Theme : Values – So Where Are The Drag Queens Now?

A good, quantifiable value is a good selling point. It’s an even better selling point if few people know what it actually means, so they can’t really challenge it or compare it.

1982 Audi 100 - image : drive-my.com
1982 Audi 100 – image : drive-my.com

If you follow Formula 1 these days, you will hear a lot, an awful lot, about ‘aero’. Assuming the drivers don’t all have a fixation on the bubbly, chocolate snack, we can assume this means that the aerodynamics of the overpriced racing cars are very important. They are important for road cars too but, oddly, nowadays manufacturers don’t make a big deal of it in their marketing, leaving you to guess from the often excessively racetrack mimicked shapes of splitters, spoilers and diffusers we see on so many cars.

The fact is that today’s cars are generally far better behaved aerodynamically than their predecessors, but you can’t really quantify general behaviour.

The drag coefficient of a car is an indication of how little air resistance it encounters whilst travelling in a straight line – the lower the figure the better. In the early 1980s Audi were positioning themselves as the cooly, technical company and they weren’t shy in their marketing. The smooth looking 1982 C3 model 100, with its novel flush side glazing, was released with its then class-leading Cd of 0.30 emblazoned on its rear side window.

It’s not exactly the first time the Cd was used as a marketing idea. The 1974 Citroen CX model name paid service to an alternative expression of the value. Its Cx, or Cd, was actually 0.36, good but not fantastic, being the same as the deceptively less sleek looking Mercedes W126 S Class of 1979.

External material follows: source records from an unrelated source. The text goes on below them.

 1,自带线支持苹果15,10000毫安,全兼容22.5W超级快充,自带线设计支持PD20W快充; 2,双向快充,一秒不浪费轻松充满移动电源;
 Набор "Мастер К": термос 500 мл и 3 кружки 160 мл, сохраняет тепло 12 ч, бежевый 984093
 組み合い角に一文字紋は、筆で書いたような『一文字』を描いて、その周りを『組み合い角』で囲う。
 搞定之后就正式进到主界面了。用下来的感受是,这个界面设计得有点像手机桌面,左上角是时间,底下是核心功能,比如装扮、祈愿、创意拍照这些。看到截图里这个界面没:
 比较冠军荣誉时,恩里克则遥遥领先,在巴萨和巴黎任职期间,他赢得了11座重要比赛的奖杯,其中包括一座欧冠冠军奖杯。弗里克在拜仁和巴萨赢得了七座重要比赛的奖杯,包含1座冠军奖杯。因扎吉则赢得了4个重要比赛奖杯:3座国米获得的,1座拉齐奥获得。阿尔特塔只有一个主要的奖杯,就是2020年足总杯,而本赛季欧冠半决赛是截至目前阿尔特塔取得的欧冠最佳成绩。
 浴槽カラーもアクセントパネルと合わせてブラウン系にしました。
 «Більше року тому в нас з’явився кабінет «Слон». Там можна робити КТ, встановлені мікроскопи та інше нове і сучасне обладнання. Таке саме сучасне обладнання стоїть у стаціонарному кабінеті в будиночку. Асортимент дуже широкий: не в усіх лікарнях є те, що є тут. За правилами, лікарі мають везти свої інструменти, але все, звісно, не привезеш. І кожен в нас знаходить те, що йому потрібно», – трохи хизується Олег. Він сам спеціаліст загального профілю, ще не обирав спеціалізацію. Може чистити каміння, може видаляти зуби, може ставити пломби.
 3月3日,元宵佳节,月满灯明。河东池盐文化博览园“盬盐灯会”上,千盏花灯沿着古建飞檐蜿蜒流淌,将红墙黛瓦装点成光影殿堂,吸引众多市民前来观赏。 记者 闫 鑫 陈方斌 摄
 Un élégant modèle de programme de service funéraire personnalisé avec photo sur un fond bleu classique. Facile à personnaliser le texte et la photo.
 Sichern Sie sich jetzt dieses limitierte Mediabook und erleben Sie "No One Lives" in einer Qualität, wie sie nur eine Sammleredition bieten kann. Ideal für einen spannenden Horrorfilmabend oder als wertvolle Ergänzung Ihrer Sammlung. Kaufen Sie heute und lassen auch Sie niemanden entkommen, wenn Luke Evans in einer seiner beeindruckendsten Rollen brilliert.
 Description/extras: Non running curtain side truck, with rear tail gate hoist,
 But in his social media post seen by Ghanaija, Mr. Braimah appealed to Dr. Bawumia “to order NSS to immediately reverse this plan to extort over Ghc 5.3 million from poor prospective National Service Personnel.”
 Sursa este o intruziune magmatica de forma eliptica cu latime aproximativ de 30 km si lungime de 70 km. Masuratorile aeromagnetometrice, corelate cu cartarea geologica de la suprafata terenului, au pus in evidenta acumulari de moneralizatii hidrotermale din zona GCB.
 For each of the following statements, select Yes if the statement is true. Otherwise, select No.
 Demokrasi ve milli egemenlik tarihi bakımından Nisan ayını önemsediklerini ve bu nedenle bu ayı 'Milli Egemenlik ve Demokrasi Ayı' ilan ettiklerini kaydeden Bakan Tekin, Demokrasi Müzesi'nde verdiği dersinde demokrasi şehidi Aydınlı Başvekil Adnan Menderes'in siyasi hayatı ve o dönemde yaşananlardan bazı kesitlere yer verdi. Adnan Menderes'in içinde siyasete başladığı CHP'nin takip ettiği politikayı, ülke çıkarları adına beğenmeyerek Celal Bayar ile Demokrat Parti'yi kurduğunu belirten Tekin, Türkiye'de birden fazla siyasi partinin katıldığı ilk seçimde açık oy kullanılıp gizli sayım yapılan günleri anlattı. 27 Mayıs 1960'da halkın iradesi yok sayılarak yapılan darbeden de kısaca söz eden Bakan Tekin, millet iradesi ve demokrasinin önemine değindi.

But drag just tells you how smoothly air flows over the surface of the car. It does nothing for stability and there’s much more to aerodynamics than a slippery shape, as all the tortuous little features on today’s Formula 1 cars testify. The Ford Sierra, introduced the same year as the Audi, also featured a low drag shape with a Cd of 0.34, though not as slippery as the Probe III concept that preceded it. But the car was hastily modified with a couple of small side spoilers on the C pillar, after reports of instability at speed.

The Audi just had a good Cd for a saloon. The 1970 Citroen SM’s Cd was 0.26 (note : see comments below) which, apart from the car’s obvious shape, was helped by paying equal attention to the car’s underside and having a full undertray to the engine bay. Since then designers have paid a lot more attention to detail, helped in a large part by improved manufacturing techniques.

So the bulbous looking 2005 W221 Mercedes S Class also had a Cd of 0.26 and we now find a good number of current models in the 0.24 to 0.28 range, with EV’s making more effort than most, helped of course by not needing to gulp a load of air into a radiator.

Over 30 years ago, the W126 Mercedes, the Sierra and the C3 Audi 100 made drag figures fashionable for a while, with journalists trying to tease out of manufacturers the Cd of any vaguely fast looking new model likely to break the Cd 0.29 barrier but, fickle as we are, interest soon moved on to other things.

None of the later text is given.